CrewAI — multi-agent research crew

A three-agent CrewAI-style research crew (researcher → writer → critic) governed by Agent Assembly, where every governed tool call is attributed to the acting agent with the full delegation chain captured on each audit event.

What this example demonstrates

  • A three-agent crew: researcher → writer → critic, each with a distinct role.
  • Agent-delegation tracking — every governed call records an AuditEvent whose call_stack is the delegation chain (parent → agent → tool), built from the SDK's real agent_assembly.types.AuditEvent and CallStackNode.
  • Multi-agent governance under one policy:
    • File-write approval — any agent that attempts write_file is gated; the decision is pending until an approver signs off (rejected in this demo).
    • Shared daily budget — tool calls across all three agents are metered against a single $2.00 / day cap.
  • --mock mode: the whole crew runs offline with no crewai install and no API keys, so CI can run it.

The framework / library

This example governs a CrewAI-style multi-agent crew.

Dependency pins from pyproject.toml:

  • agent-assembly>=0.0.1a2 — the Agent Assembly Python SDK (always required).
  • The optional live extra pulls in crewai>=0.30.0 — needed only for the real-crew integration. The --mock demo (what CI runs) needs none of it; it replays the crew's delegation trajectory offline.
  • The dev extra provides pytest>=8.0.0 and pytest-mock>=3.14.0.

The package requires Python >=3.12.

How it works

main() initializes the SDK with init_assembly(...) in mode="sdk-only", passing agent_id="crewai-research-crew" and a gateway_url that defaults to http://localhost:8080. The returned context manager exposes ctx.client and ctx.network_mode.

Governance is simulated locally by CrewPolicyEngine (from src/policy.py), wired into the SDK through AssemblyCallbackHandler(interceptor=policy). The crew is described in src/crew.py as three CrewMember dataclasses, and the offline run replays a scripted MOCK_TRAJECTORY of CrewSteps. For each step, main() calls policy.acting_as(agent, parent) to set the active crew member, then fires handler.on_tool_start(...).
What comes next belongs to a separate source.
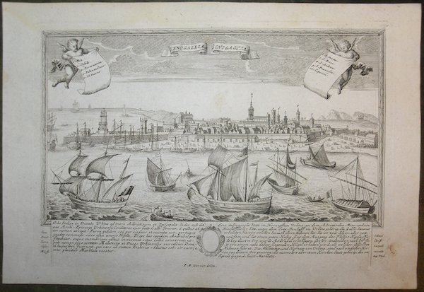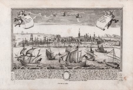Bella e rara veduta panoramica della città delineata sulla scia della più grandi vedute disegnate da Fredrich Bernhard Werner e pubblicata ad Augsburg dagli eredi dell’editore Jeremias Wolff (1663-1724), Georg Balthasar Probst (1673-1750) – suo genero – e il suo successore, il figlio Johann Friedrich (1719-1781). Werner, nato a Reichenau, fu disegnatore, incisore, ingegnere e scenografo; durante la sua intensa vita viaggiò a lungo in vari stati europei prima in qualità di soldato poi come semplice viaggiatore, realizzando numerosi disegni dei luoghi visitati. Dopo aver trascorso un periodo di studio ad Augsburg collaborando con l’incisore K. Remshard, nel 1730 egli intraprese un viaggio in Italia, visitando molte città della penisola, per poi diventare ingegnere e scenografo del re di Prussia. La sua vasta produzione comprende una molteplicità di lavori dedicati a luoghi e città di vari paesi europei – Polonia, Olanda, Francia, Italia – soffermandosi in particolare sulla sua patria, alla quale sono dedicate le immagini della “Scenografia urbium Silesiae”, edita dagli eredi di Johann Baptist Homann a Norimberga. Werner può essere considerato uno dei più prolifici disegnatori della sua generazione, uno degli ultimi grandi personaggi che nel corso del Settecento si dedicano alla realizzazione del ritratto di città rappresentando la struttura urbana nella sua interezza, nel solco di una tradizione ormai secolare; nel corso del secolo le logiche che si affermeranno saranno invece da un lato quelle che frantumeranno la città in più immagini, dall’altro quelle che porteranno alla definitiva affermazione della topografia scientifica. Le immagini del Werner costituiscono un modello per la realizzazione di alcune altre vedute edite in Europa. Tra queste vanno ricordate quella dell’editore viennese Christofer Haffner (1668-1754), attivo probabilmente tra il 1720 e il 1750, e quelle di Johann Christian Leopold (1699-1755). Il Leopold, era un modesto incisore ed editore di Augsburg; la sua serie di vedute di città, da cui questa incisione è tratta, venne pubblicata con pochissima tiratura, rendendo quindi le opere particolarmente rare. Incisione in rame, in ottimo stato di conservazione. Beautiful and rare panoramic view of the city sketched in the wake of the greatest views drawn by Fredrich Bernhard Werner and published in Augsburg by the heirs of publisher Jeremias Wolff (1663-1724), Georg Balthasar Probst (1673-1750) - his son-in-law- and his successor, his son Johann Friedrich (1719-1781). Werner, born in Reichenau, was a draughtsman, engraver, engineer and stage designer; during his busy life he traveled extensively in various European states first as a soldier then as a simple traveler, producing numerous drawings of the places he visited. After spending a period of study in Augsburg working with engraver K. Remshard, he undertook a trip to Italy in 1730, visiting many cities on the peninsula, later becoming engineer and set designer to the King of Prussia. His vast output includes a multiplicity of works devoted to places and cities in various European countries - Poland, Holland, France, Italy - dwelling particularly on his homeland, to which the images of the "Scenografia urbium Silesiae", published by the heirs of Johann Baptist Homann in Nuremberg, are dedicated. Werner can be considered one of the most prolific draughtsmen of his generation, one of the last great figures during the eighteenth century to devote himself to the creation of the city portrait by depicting the urban structure in its entirety, in the wake of a tradition that was now centuries old; in the course of the century, the logics that would assert themselves would instead be, on the one hand, those that would break the city into several images, and on the other, those that would lead to the definitive establishment of scientific topography. Werner's images provide a model for the creation of a number of other views published in Europe. These include those of the Viennese publisher Christofer Haffner (1668-1754), active probably between 1720 and 1750, and those of Johann Christian Leopold (1699-1755). Leopold, was a modest Augsburg engraver and publisher; his series of city views, from which this engraving is taken, was published with very few print runs, thus making the works particularly rare. Copperplate engraving, in very good condition. Cfr.

CrewPolicyEngine applies the same policy to every agent's tool calls:

  • File-write approval gate. check_tool_start returns status="pending" for any tool in APPROVAL_REQUIRED_TOOLS ({"write_file"}), deferring to wait_for_tool_approval. There, MockApprover.decide(...) returns its auto_approve value — False in the demo — so the decision becomes deny with the message that the crew may not persist files without sign-off.
  • Shared daily budget. Non-approval tools are priced from TOOL_COSTS (defaulting to $0.01) and charged against one BudgetTracker shared across all three agents; if the cap is exhausted the call is denied.
  • Delegation call stack. Every allow/deny call is recorded by _emit(...), which constructs a CallStackNode chain parent → acting agent → tool and appends an AuditEvent (carrying call_stack plus crew_member / delegated_by labels) to policy.audit_events.

After the trajectory, main() prints each recorded AuditEvent (decision, action type, and the flattened delegation chain) and the final shared budget via policy.budget.status().

Prerequisites & running it

See Preparing the runtime environment for the shared prerequisites.

Then, from the example directory:

cd python/crewai-research-crew
uv sync --extra dev
uv run python src/main.py --mock

--mock replays the scripted crew delegation trajectory offline — no gateway, no crewai, and no API keys. The example also auto-falls back to mock mode whenever OPENAI_API_KEY is unset.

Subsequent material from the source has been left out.